Would you restate, word for word, only the lines starting at the one with "20. (10 分)如图" and ending with the final line of the entries below? Pictures stay out.
__________
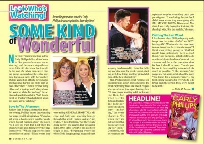So in my vocalness, (is that a word? Don't think so) I caught the attention of a Soap Digest editor, Mala Bhattacharjee, who asked if I'd write up something about my feelings on the matter. If you missed it, the article, ABC Daytime jilts Carly Phillips ran in April 2011. I was and am ridiculously proud of getting onto Soap Digest online, in fact it's been one of the highlights of my career. In case you don't know, my Kelly Ripa Fairy Godmother moment was the main moment and not just because she chose my book, but because I got to meet Hayley Vaughn, her All My Children Character. I do have my priorities, people!
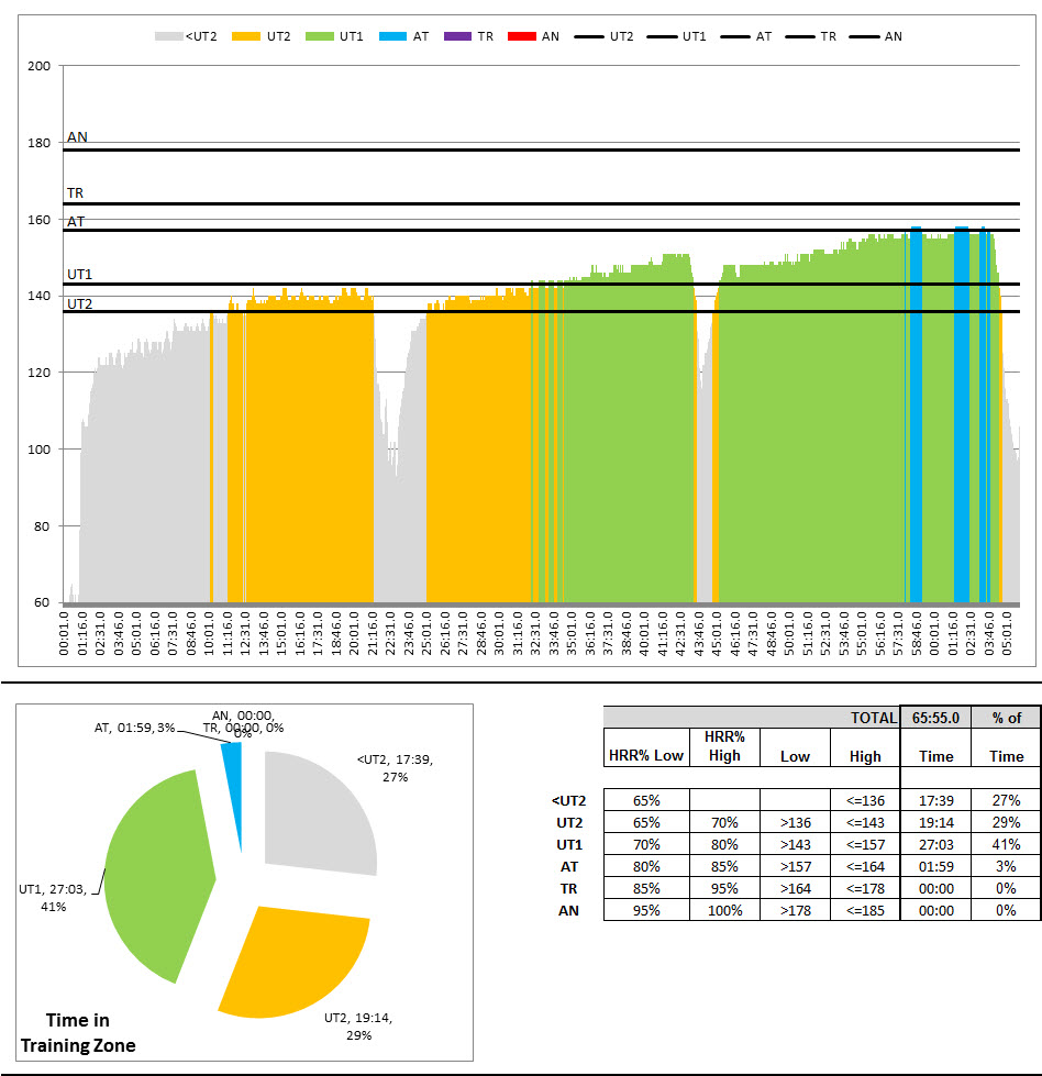 Anyway, I was out of time and tired out after 3 pieces, so I blew off the last planned 20 minute piece. I hit a HR at 156 BPM with about 5 minutes left in the l3rd piece, so I backed off from 184 to 180w from there to the end to stop the HR drift.
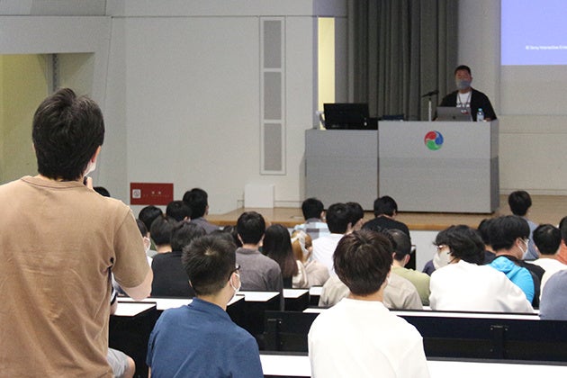 講義では、オリジナリティのあるゲームを制作するために知見を蓄えること、自分の得意分野を見つけること、プロジェクトに関わるすべてを「自分ごと化」することなど、日々の作品制作やチーム制作でも意識できそうなアドバイスも。就職活動を控えた学生も多く、皆真剣な様子で吸収しようとしていました。
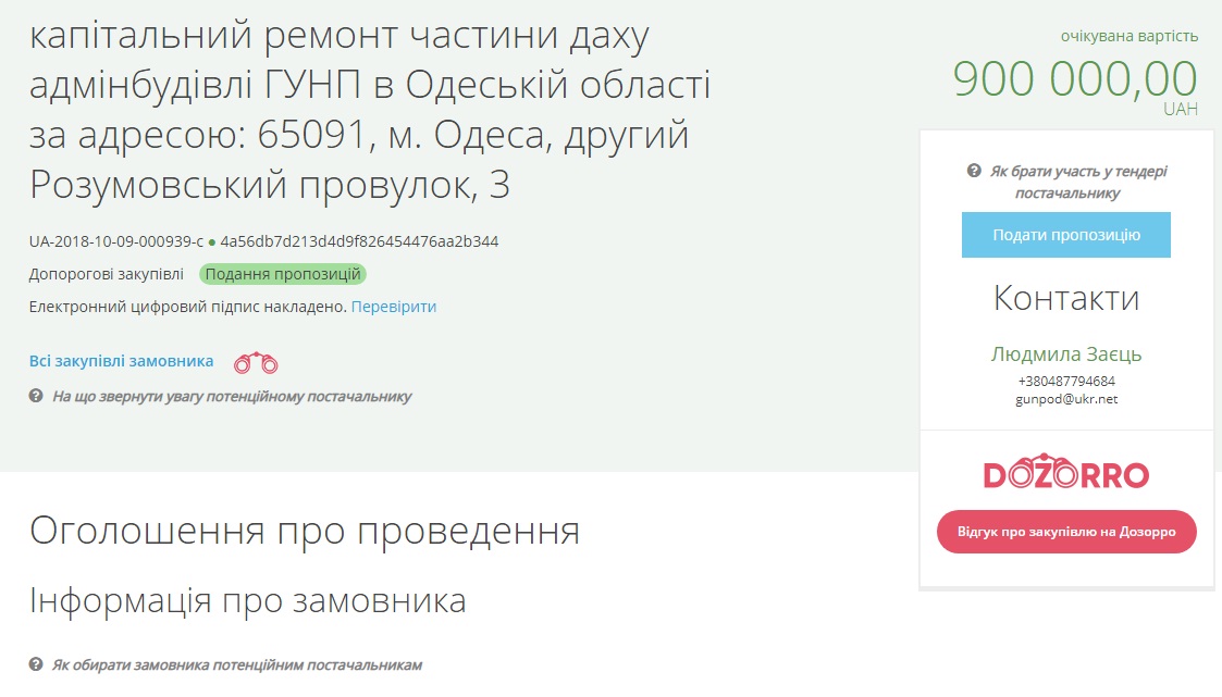 Главное управление Национальной полиции Украины объявило тендер для поиска подрядчика, которому заплатят за капитальный ремонт части крыши админздания ГУНП по Одесса, второй Разумовский переулок, 3.
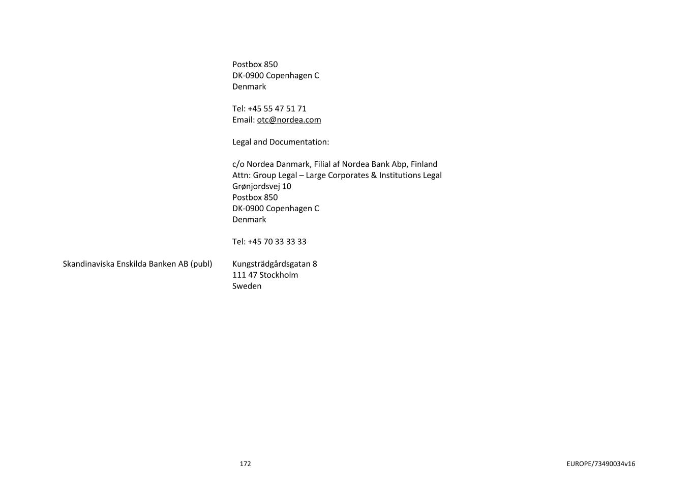 172 EUROPE/73490034v16 Postbox 850 DK-0900 Copenhagen C Denmark Tel: +45 55 47 51 71 Email: otc@nordea.com Legal and Documentation: c/o Nordea Danmark, Filial af Nordea Bank Abp, Finland Attn: Group Legal – Large Corporates & Institutions Legal Grønjordsvej 10 Postbox 850 DK-0900 Copenhagen C Denmark Tel: +45 70 33 33 33 Skandinaviska Enskilda Banken AB (publ) Kungsträdgårdsgatan 8 111 47 Stockholm Sweden
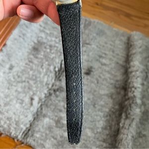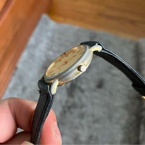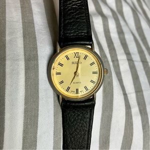 This is an original vintage Suizo watch from the 90s. My mother bought it a few years after I was born in 1984. The leather straps indicate that it has never been used officially and has been stored in a safe location until now. It's still got a monogram on it. Due to its age, the watch's case is fading and requires new batteries.
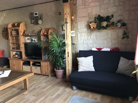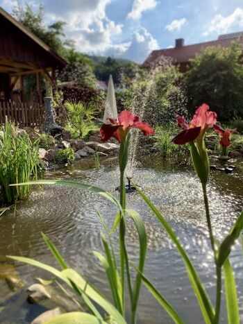 65qm Wohnung mit Balkon. Komplett ausgestattet. Umzäunter Garten mit Gartenteich, Gartenhütte, Grillmöglichkeit und viel Auslauf für Ihren Hund.
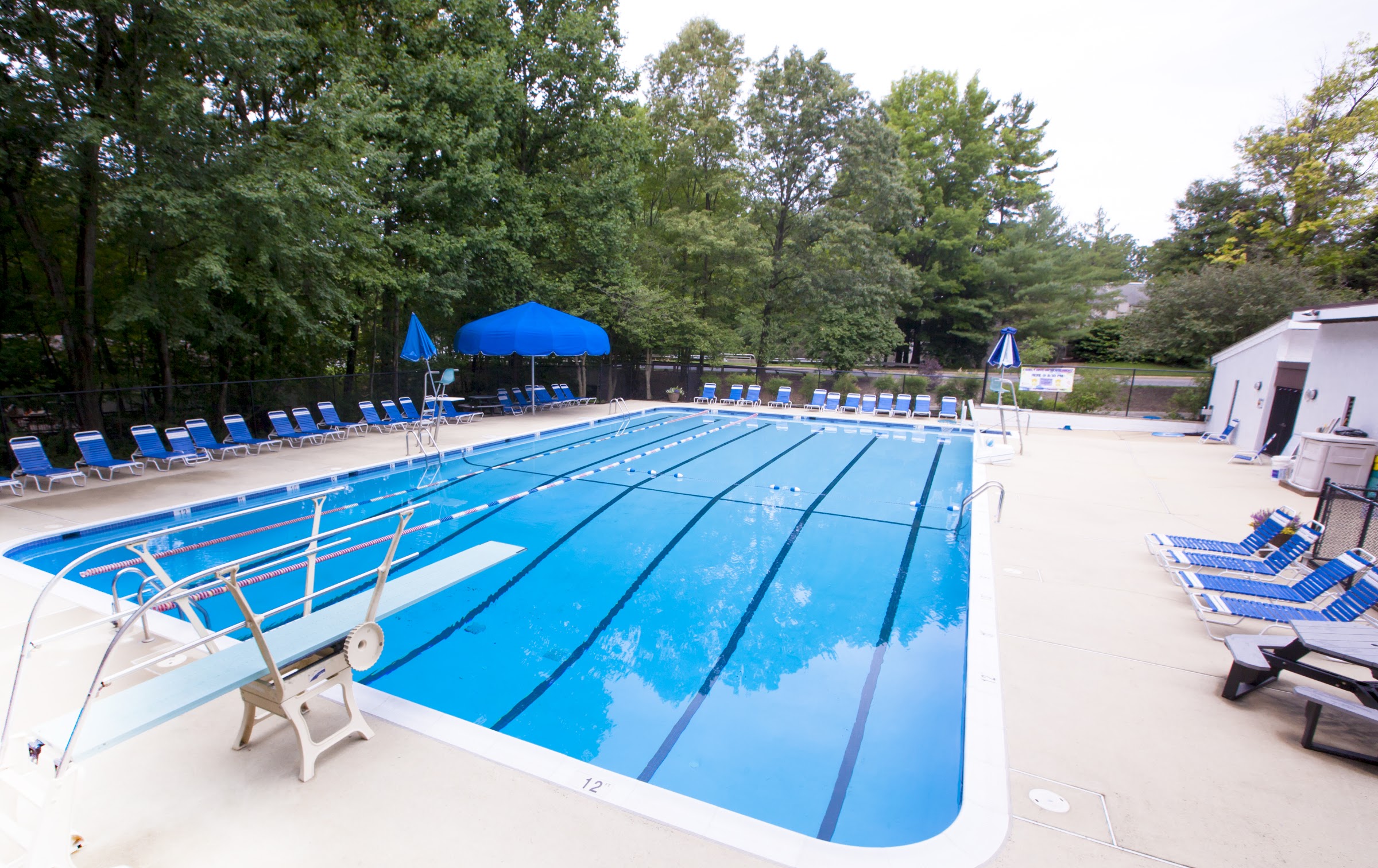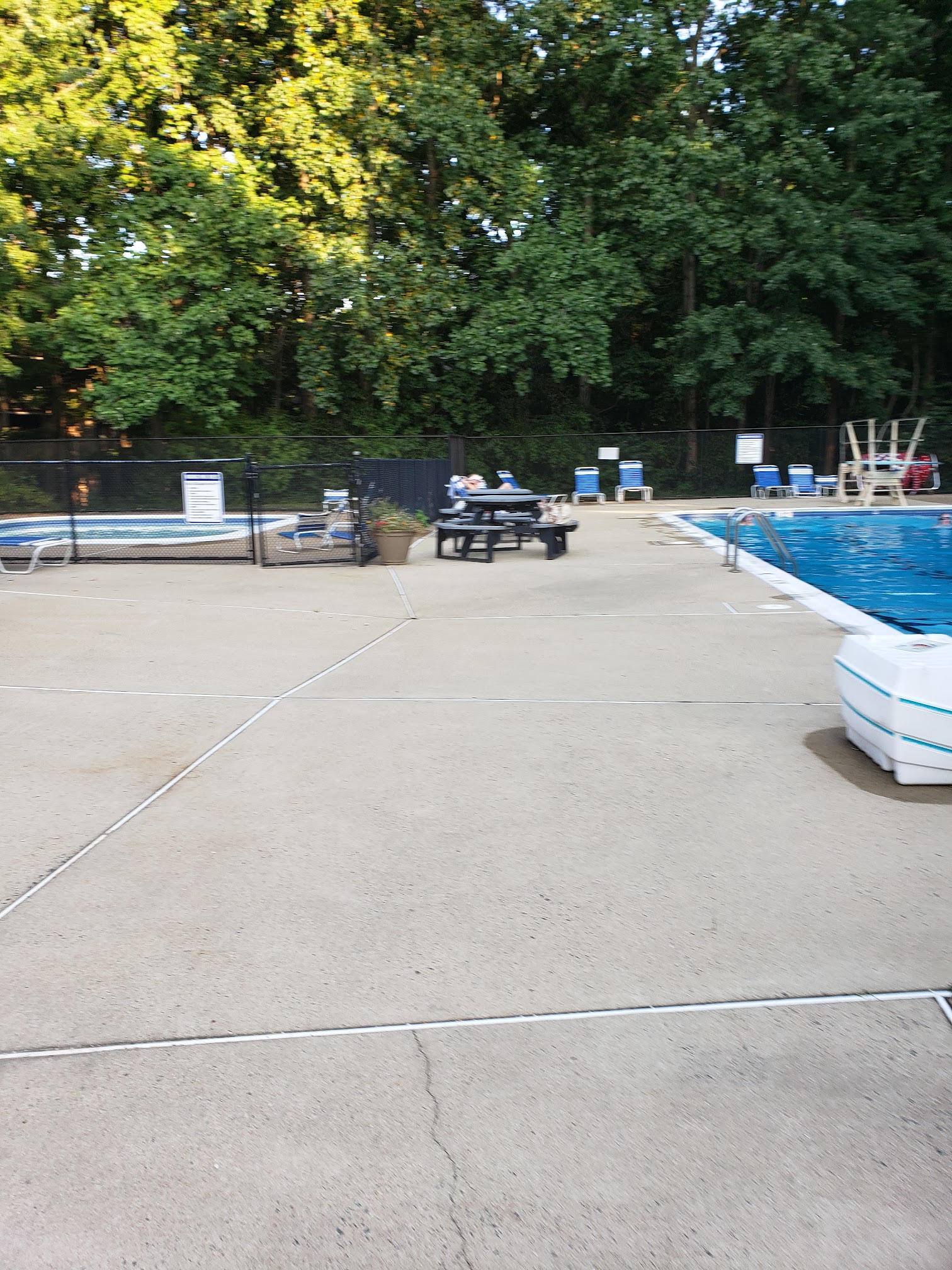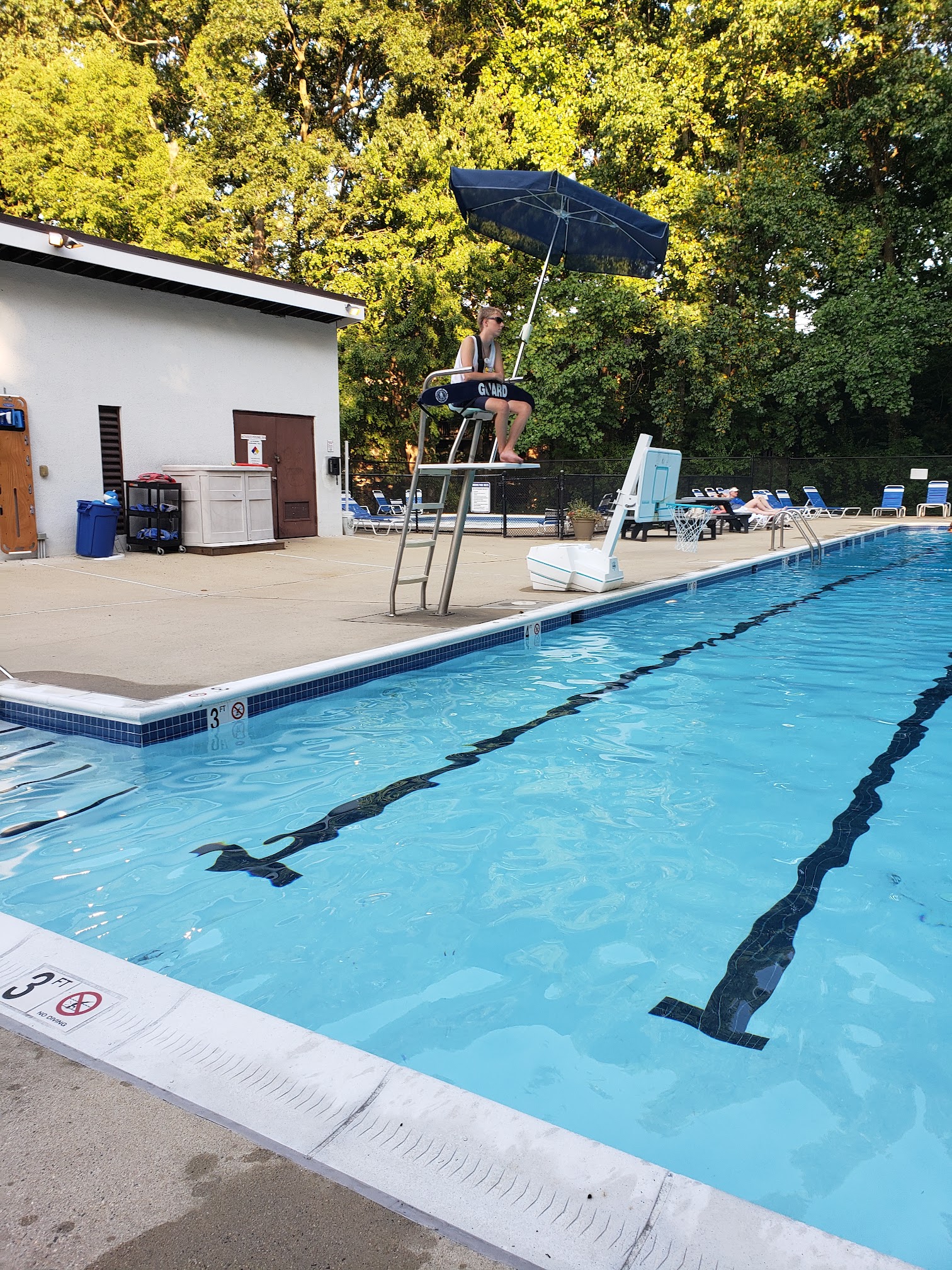 Small, quiet pool with 2 lap lanes. There's plenty of shade due to the tree line but that also means the water can be a bit cool. I find it to be a great place for a lunch time swim.
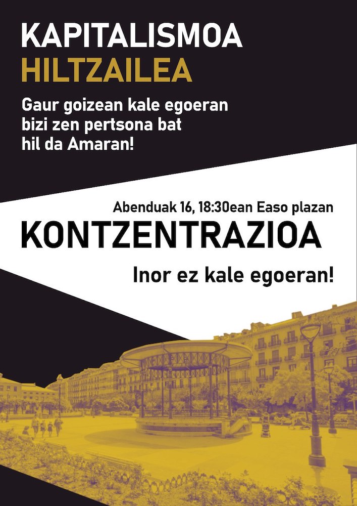 Ertzaintza eta anbulantzia bat bertaratu dira Easo plazara eta Ertzaintza ari da gertatutakoa ikertzen. Udaleko iturriek azaldu dute Ertzaintzak jakinarazi diela “heriotza naturala” izan dela, nahiz eta momentuz ez duten zehaztu zein izan den heriotzaren arrazoi zehatza. Donostiako hainbat gizarte eragilek gertakaria salatzeko elkarretaratzera deitu dute gaur arratsalderako (18:30) Easo plazan, Kapitalismoa hiltzailea lelopean.
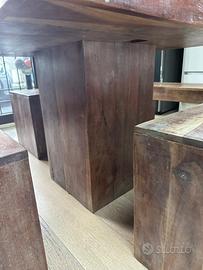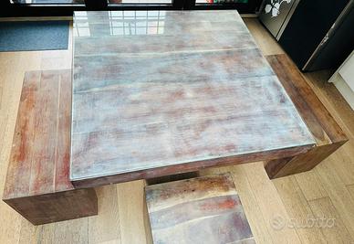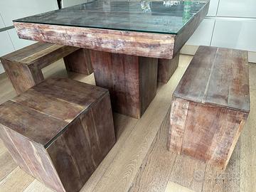 Tavolo il vero legno di noce scuro e 4 panche Legno massello molto resistente e copertura in vetro Dimensioni 1m x 1m 4 panche di cui 2 a forma di cubo e 2 rettangolari Come nuovo
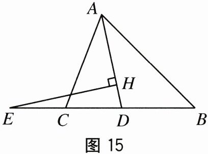 20. (10 分)如图 15,AD 是△ABC 的角平分线,∠B = 45°,点 E 在 BC 延长线上,且 EH⊥AD 于点 H.
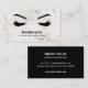 This modern and sophisticated business card design features a glamourous , minimalistic illustration of a woman's eyelashes over a stunning Marble background with bold name or business name and title.
__________
Response:
 20. (10 分)如图 15,AD 是△ABC 的角平分线,∠B = 45°,点 E 在 BC 延长线上,且 EH⊥AD 于点 H.
 This modern and sophisticated business card design features a glamourous , minimalistic illustration of a woman's eyelashes over a stunning Marble background with bold name or business name and title.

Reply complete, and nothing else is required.